In the embodiment of the disclosure, the temperature measuring component can be adhered to the inner surface of the shell through a high-heat-resistance adhesive film. The inner surface of the housing is the surface facing the other components inside the terminal. The outer surface of the housing is the surface facing away from the interior of the terminal and directly accessible to the user, while the outer surface of the housing may form part of the outer surface of the terminal.

In some embodiments, the thermometric assembly comprises:

thin film temperature sensitive resistor.

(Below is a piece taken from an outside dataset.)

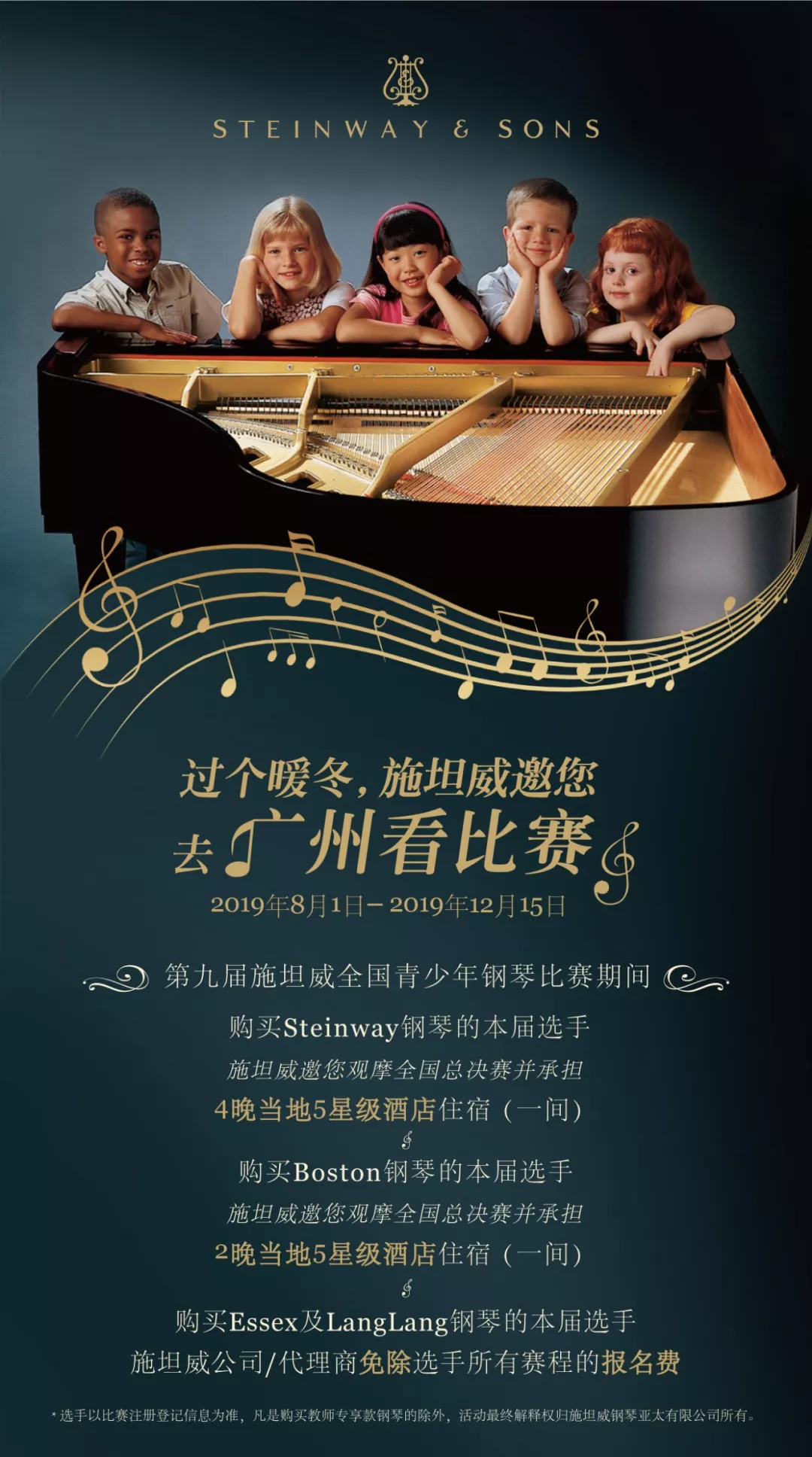 第九届施坦威全国青少年钢琴比赛总决赛将于12月13-15日在广州举行。在比赛期间(2019年8月1日-12月15日)购买施坦威及其家族产品的本届选手,施坦威将邀您观摩全国总决赛,并承担对应的酒店费用或免除选手所有赛程的报名费用。
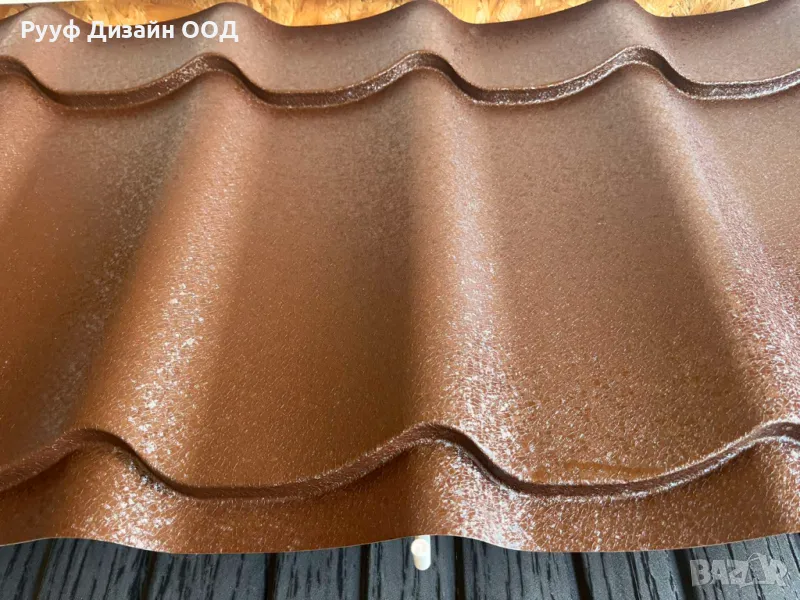 Модел Кингас 15 с елегантна и семпла форма в светло кафяв цвят (РАЛ 8017), който подобрява външния вид на къщата, придавайки елегантност и интересен дизайн. Предназначена за всички видове покриви с наклон над 14 градуса. Профил с нежна единична вълна - класически външен вид, който успешно се съчетава както с по-модерни сгради, така и е подходяща при ремонт на стари покриви. Безспорно предимство е покритие 3Д МАТ - Кристал. Освен, че е с по-различна и плътна текстура, дизайн наподобяващ ледени кристали, то това покритие се отличава и с по-висока устойчивост на корозия. Това твърдение е подкрепено с писмена гаранция за период от 40 години.

In the disclosed embodiment, the thin film temperature-sensitive resistor includes an NTC temperature-sensitive resistor and a PCT temperature-sensitive resistor. NTC refers to a thermistor semiconductor material or component with a negative temperature coefficient whose resistance decreases exponentially with increasing temperature. Which is a sensor for measuring temperature using the resistance characteristics of a ceramic/metal composite. The NTC temperature sensor belongs to contact measurement application, and is used for directly collecting the temperature of an object, measuring to obtain an electric signal and calculating a temperature value. PCT refers to a thermistor semiconductor material or component with a positive temperature coefficient, the resistance of which is exponentially reduced along with the temperature rise. The NTC or PTC is a temperature sensitive resistor made by thin film process. The temperature-sensitive resistor manufactured by the process is thinner and does not occupy the stacking space in the terminal.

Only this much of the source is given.